*Input for this task*.
┌────────
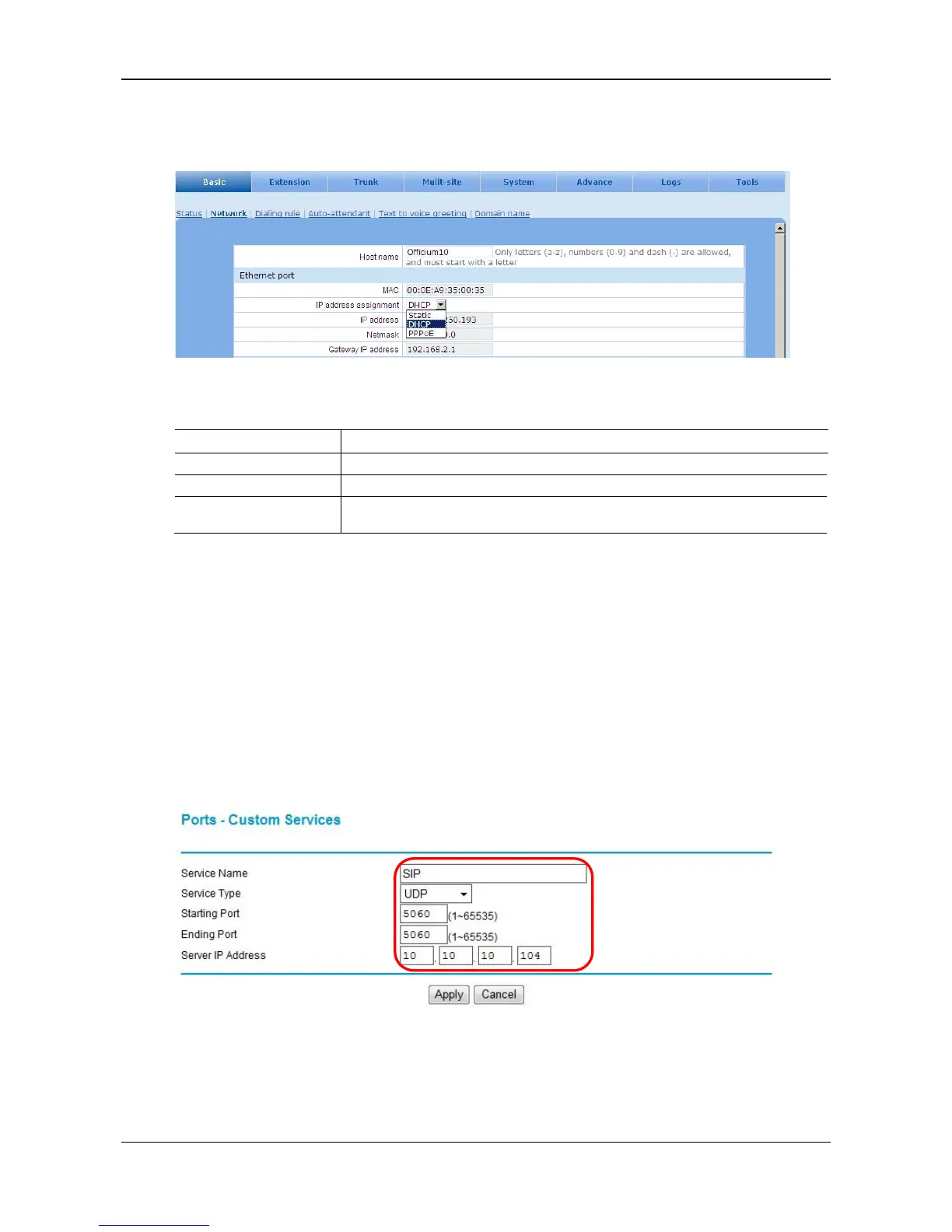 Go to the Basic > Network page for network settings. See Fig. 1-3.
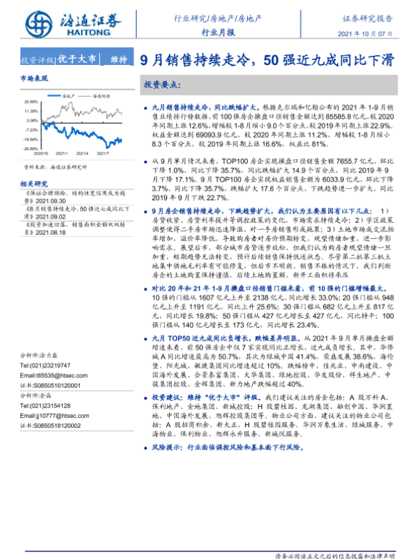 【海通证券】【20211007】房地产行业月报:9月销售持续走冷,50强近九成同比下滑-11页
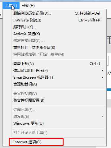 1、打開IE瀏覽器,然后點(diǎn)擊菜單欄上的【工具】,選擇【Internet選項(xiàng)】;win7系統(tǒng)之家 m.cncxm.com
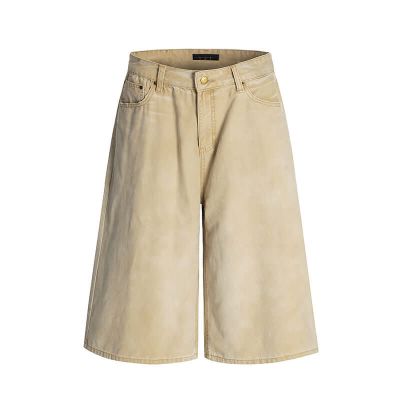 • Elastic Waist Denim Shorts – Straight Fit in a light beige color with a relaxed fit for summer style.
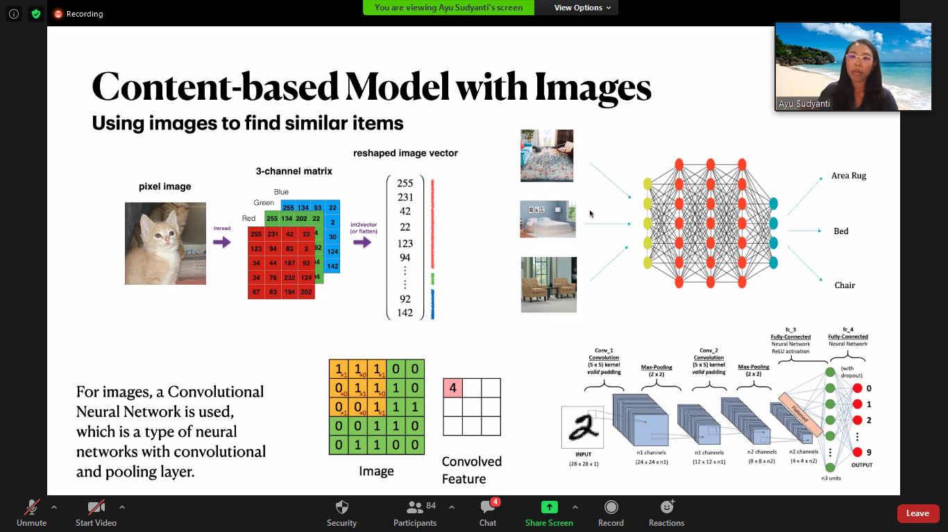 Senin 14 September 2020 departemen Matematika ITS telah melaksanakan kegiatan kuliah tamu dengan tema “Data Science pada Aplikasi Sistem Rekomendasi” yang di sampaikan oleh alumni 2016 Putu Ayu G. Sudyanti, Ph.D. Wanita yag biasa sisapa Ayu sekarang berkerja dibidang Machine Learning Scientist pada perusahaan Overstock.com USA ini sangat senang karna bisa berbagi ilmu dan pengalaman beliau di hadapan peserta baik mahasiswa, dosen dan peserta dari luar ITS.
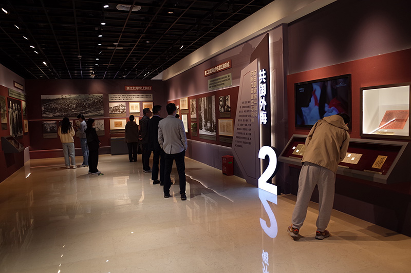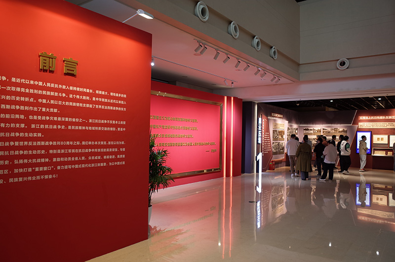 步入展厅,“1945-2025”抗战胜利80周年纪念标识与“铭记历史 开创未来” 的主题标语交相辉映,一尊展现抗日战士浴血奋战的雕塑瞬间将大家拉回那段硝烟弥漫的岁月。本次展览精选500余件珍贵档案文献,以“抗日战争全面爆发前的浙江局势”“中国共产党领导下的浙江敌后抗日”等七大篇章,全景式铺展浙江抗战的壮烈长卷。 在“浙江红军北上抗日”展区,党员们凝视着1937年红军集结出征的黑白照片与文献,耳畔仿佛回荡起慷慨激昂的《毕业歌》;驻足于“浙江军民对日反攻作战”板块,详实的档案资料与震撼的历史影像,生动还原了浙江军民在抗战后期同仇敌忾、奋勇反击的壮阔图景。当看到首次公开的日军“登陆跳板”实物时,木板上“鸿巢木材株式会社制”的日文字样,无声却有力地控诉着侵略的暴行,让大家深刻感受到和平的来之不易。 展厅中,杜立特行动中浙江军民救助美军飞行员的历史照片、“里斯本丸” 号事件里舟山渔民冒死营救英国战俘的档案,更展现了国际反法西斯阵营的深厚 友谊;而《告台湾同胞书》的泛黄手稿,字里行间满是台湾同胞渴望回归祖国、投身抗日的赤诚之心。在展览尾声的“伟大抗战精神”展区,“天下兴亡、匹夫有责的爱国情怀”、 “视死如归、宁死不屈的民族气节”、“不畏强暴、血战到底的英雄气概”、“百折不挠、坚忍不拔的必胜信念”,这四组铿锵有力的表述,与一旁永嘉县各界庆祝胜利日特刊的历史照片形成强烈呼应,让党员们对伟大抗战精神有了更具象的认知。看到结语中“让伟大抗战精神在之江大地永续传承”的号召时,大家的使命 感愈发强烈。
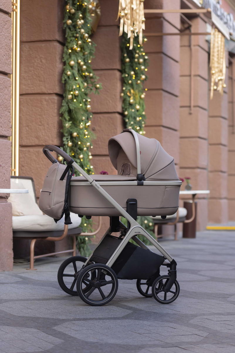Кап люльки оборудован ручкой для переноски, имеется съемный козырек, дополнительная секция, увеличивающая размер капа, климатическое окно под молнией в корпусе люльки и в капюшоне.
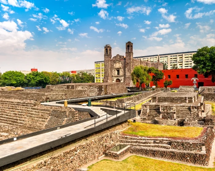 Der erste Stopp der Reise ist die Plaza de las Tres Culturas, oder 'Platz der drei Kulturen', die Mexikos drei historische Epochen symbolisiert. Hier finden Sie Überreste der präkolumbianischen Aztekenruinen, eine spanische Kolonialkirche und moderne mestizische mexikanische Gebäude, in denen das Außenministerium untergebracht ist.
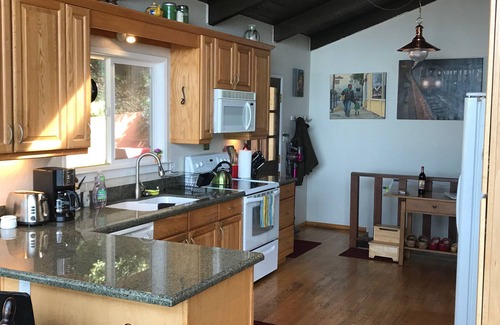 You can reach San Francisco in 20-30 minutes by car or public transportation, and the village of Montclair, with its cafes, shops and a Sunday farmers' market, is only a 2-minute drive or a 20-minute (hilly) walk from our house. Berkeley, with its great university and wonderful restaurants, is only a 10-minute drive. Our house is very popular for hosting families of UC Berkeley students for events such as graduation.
└────────
┌────────
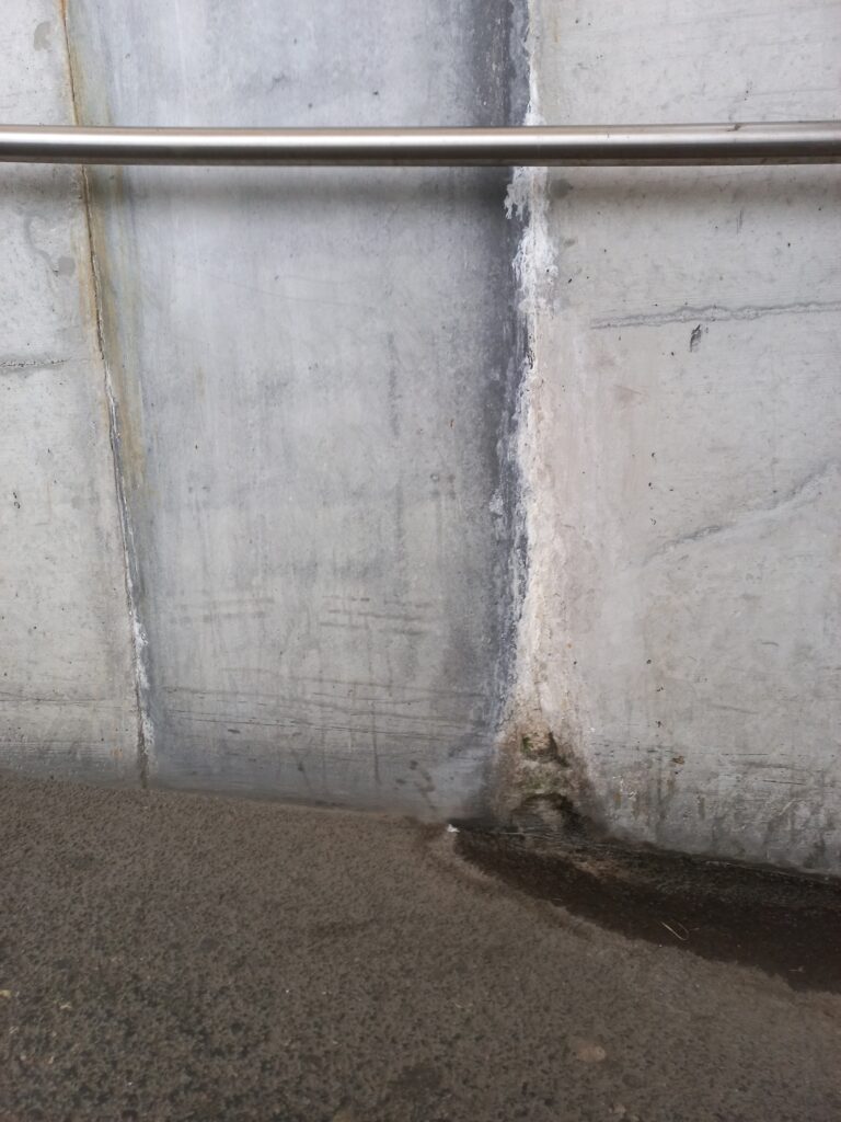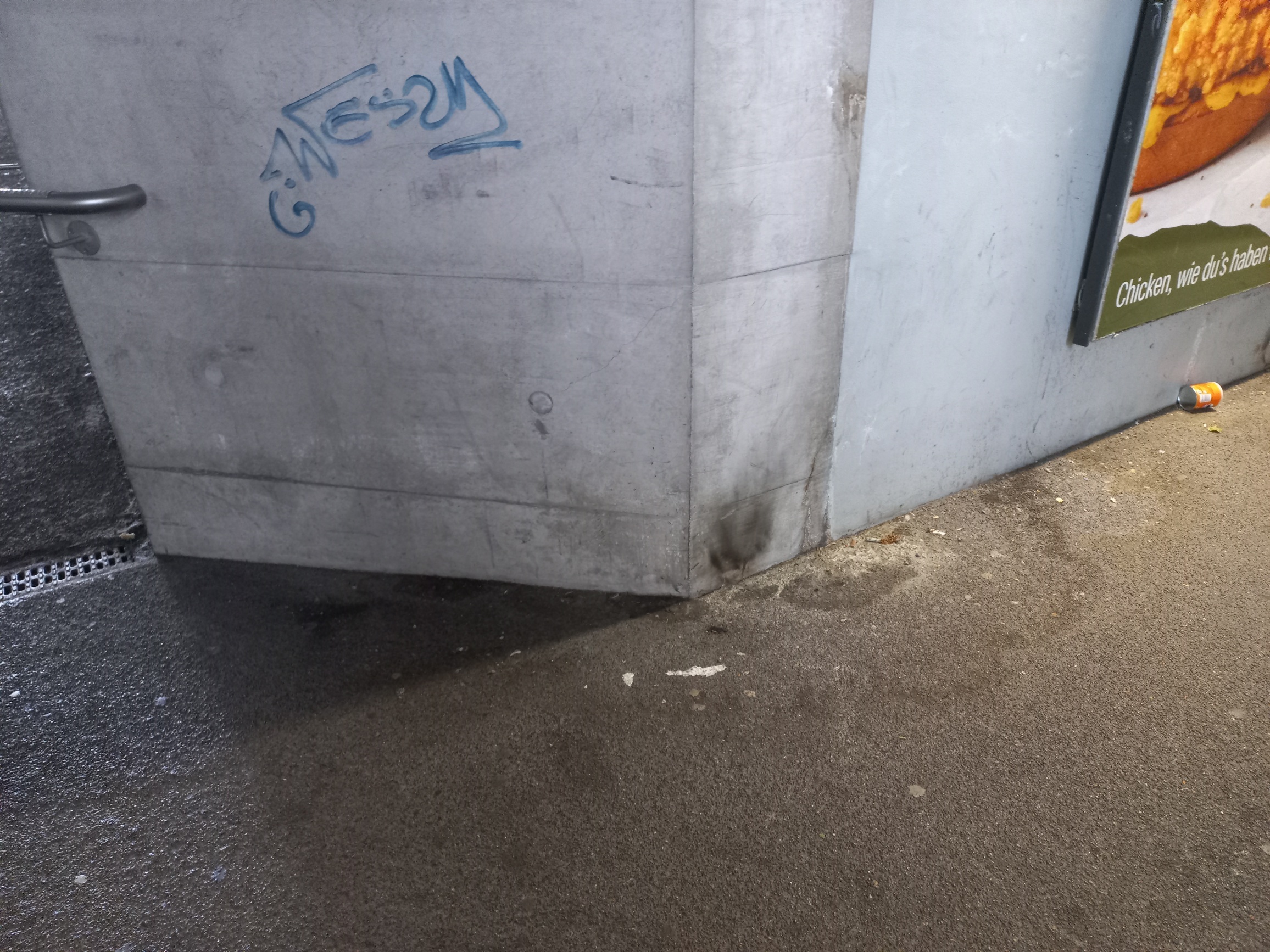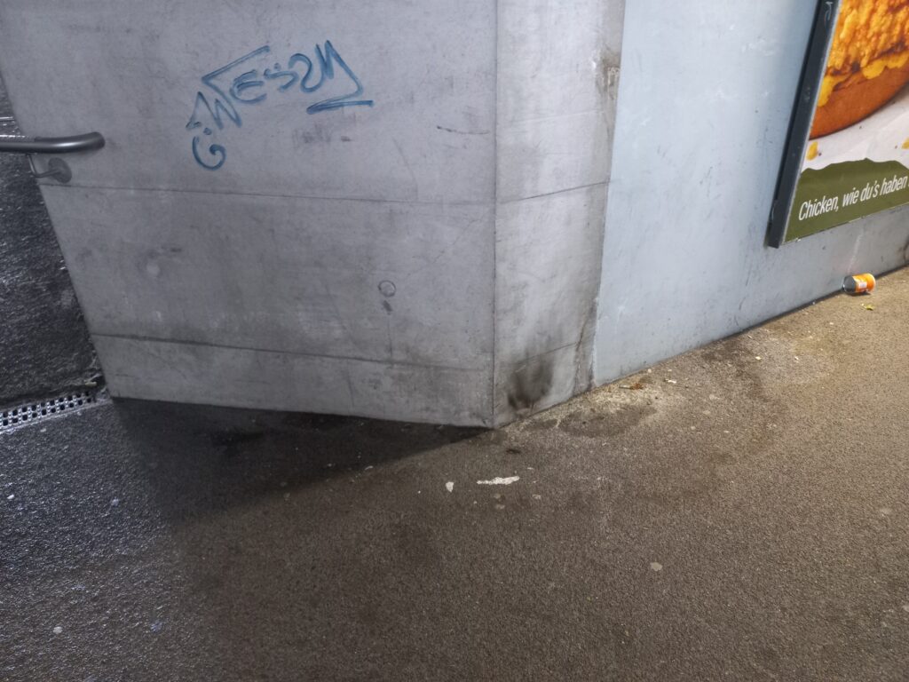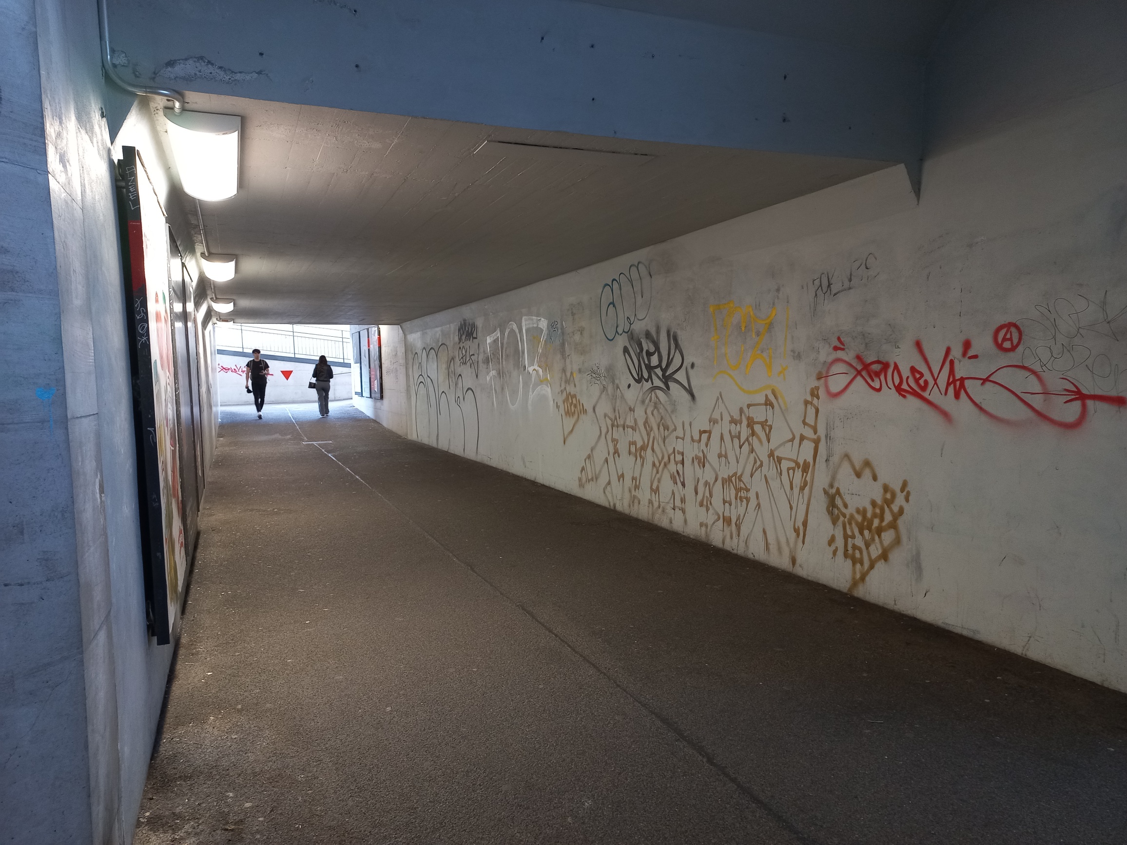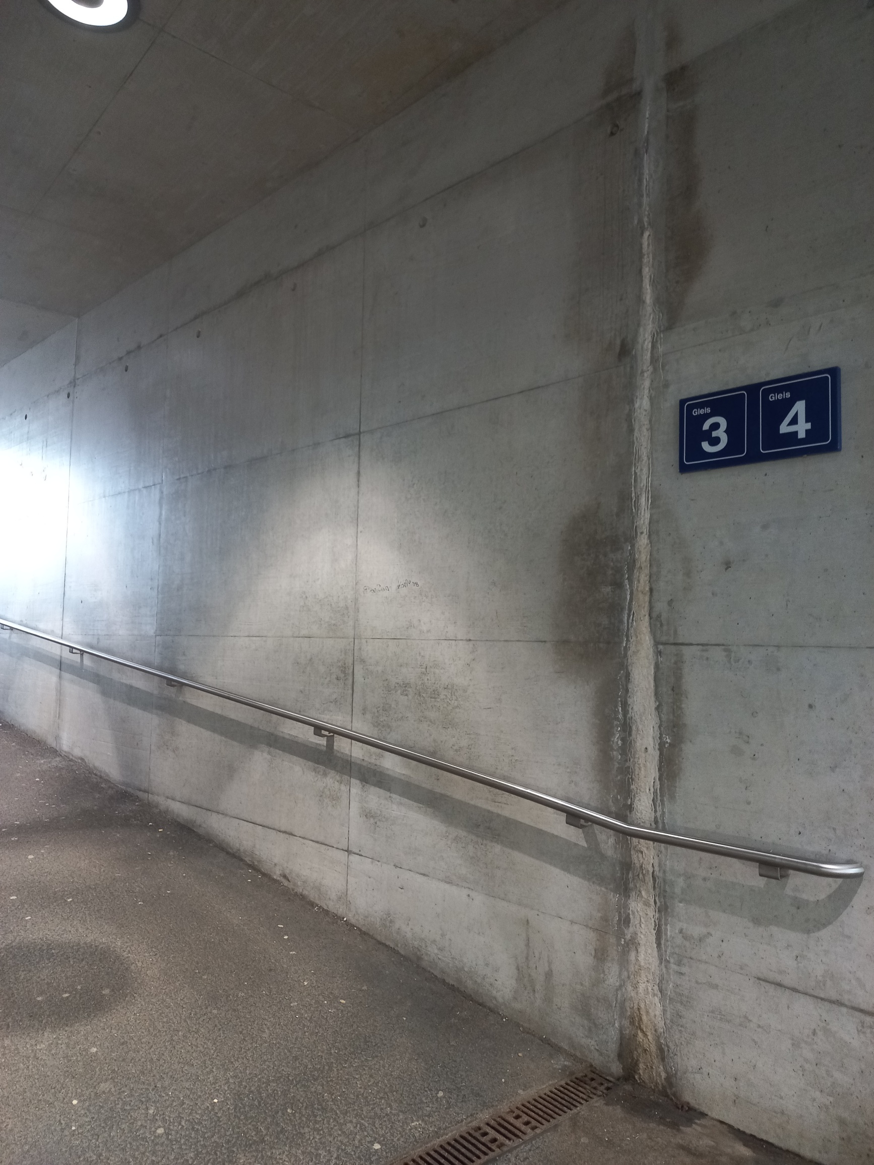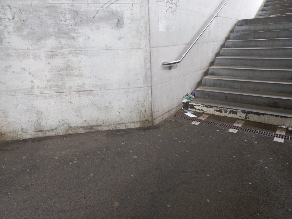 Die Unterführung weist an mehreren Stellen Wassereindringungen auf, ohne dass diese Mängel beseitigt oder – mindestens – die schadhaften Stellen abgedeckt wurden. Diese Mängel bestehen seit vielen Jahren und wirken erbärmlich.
└────────
┌────────
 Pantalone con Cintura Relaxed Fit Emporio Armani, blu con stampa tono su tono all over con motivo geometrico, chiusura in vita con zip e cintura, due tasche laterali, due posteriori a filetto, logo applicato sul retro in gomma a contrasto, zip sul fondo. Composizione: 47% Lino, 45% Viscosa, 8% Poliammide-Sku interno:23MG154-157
└────────
*Exercise instructions*. Starting at the line with "Go to the Basic" and finishing at the line with "for summer style.", copy the material above exactly, both lines included. Nothing else goes in, and no pictures.

*Written solution*.
 Go to the Basic > Network page for network settings. See Fig. 1-3.
 【海通证券】【20211007】房地产行业月报:9月销售持续走冷,50强近九成同比下滑-11页
 1、打開IE瀏覽器,然后點(diǎn)擊菜單欄上的【工具】,選擇【Internet選項(xiàng)】;win7系統(tǒng)之家 m.cncxm.com
 • Elastic Waist Denim Shorts – Straight Fit in a light beige color with a relaxed fit for summer style.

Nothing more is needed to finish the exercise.